*** Block opens ***
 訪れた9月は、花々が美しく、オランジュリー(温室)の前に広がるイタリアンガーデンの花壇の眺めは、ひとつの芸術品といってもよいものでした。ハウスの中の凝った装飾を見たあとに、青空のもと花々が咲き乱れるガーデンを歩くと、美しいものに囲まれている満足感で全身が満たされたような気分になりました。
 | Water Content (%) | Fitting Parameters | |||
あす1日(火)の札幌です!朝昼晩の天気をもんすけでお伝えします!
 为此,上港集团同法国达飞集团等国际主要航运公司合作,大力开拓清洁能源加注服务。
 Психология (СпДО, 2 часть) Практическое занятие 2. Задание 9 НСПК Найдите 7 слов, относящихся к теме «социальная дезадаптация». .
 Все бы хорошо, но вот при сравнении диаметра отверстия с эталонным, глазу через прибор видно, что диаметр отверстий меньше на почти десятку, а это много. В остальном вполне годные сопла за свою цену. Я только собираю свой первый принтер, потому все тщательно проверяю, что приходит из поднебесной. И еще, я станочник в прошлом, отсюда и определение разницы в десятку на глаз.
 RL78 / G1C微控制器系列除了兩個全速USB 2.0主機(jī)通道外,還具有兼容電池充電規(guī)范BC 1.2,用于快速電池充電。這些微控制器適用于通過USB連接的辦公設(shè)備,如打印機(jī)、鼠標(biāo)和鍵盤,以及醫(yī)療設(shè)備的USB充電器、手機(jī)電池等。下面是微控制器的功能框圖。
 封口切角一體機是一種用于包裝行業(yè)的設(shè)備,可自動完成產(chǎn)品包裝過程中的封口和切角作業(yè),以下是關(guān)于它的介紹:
*** Block closes ***
*** Block opens ***
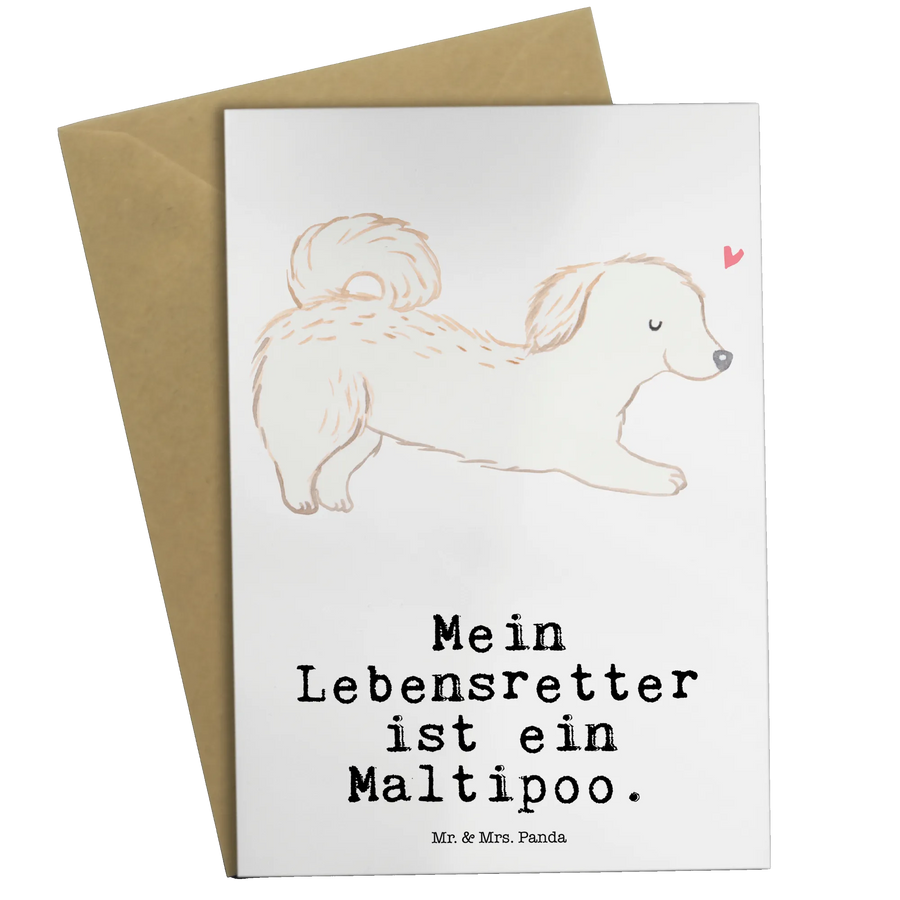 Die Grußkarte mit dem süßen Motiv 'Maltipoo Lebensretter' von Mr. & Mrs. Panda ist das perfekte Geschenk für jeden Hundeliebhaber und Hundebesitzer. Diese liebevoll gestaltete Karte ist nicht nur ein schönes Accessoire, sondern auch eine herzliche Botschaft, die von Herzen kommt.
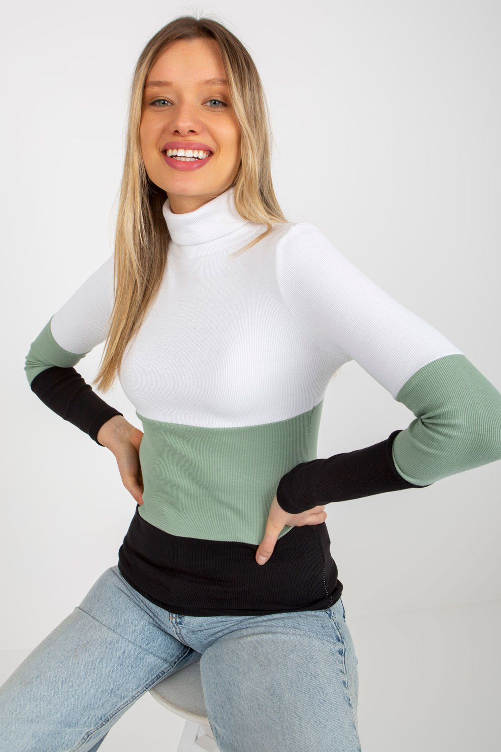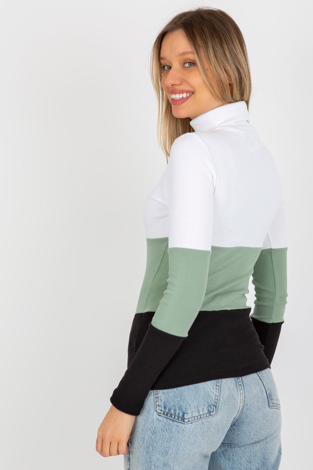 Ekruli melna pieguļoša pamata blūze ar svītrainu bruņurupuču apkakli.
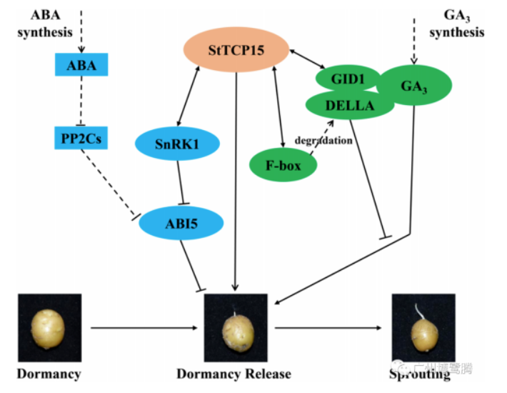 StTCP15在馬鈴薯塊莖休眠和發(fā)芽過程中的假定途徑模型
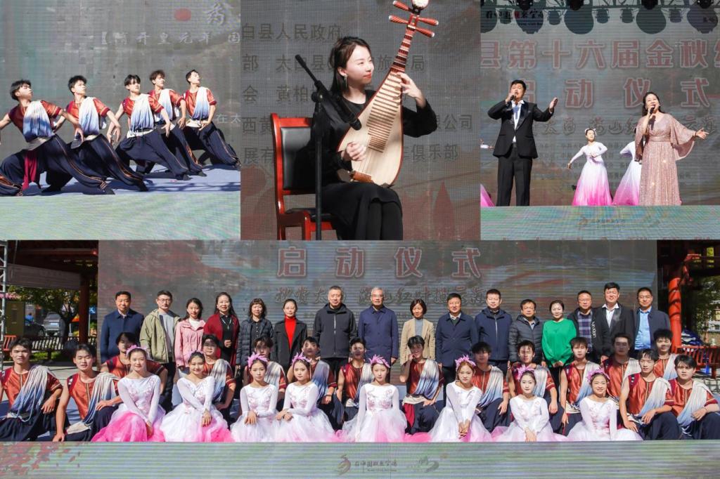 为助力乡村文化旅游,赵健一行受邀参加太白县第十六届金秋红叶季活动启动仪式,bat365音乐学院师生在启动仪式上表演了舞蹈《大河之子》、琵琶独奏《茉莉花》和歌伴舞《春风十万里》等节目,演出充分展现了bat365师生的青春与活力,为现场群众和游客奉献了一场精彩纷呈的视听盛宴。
*** Block closes ***
*** Block opens ***
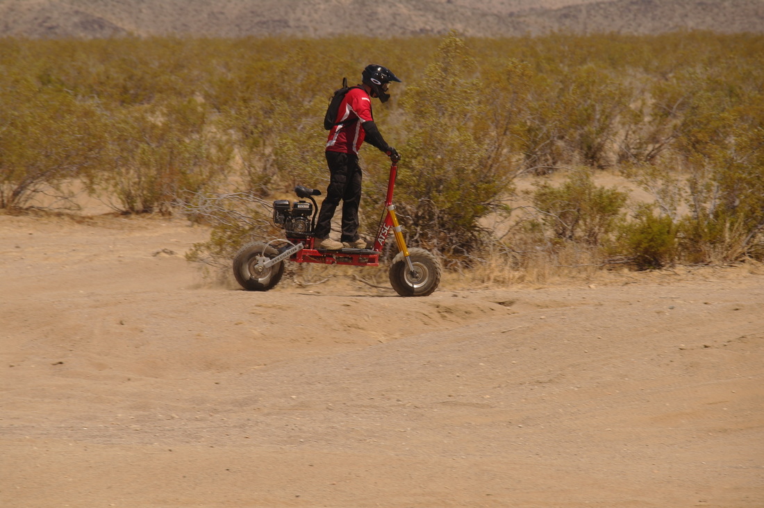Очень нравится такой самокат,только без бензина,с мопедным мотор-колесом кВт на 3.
*** Block closes ***
→ **Task to complete**
Starting at the line that contains "StTCP15在馬鈴薯塊莖休眠和發(fā)芽過程中的假定途徑模型" and ending at the line that contains "为助力乡村文化旅游,赵健一行", transcribe the material above exactly, excluding pictures.

→ **Reply to the exercise**
 StTCP15在馬鈴薯塊莖休眠和發(fā)芽過程中的假定途徑模型
 为助力乡村文化旅游,赵健一行受邀参加太白县第十六届金秋红叶季活动启动仪式,bat365音乐学院师生在启动仪式上表演了舞蹈《大河之子》、琵琶独奏《茉莉花》和歌伴舞《春风十万里》等节目,演出充分展现了bat365师生的青春与活力,为现场群众和游客奉献了一场精彩纷呈的视听盛宴。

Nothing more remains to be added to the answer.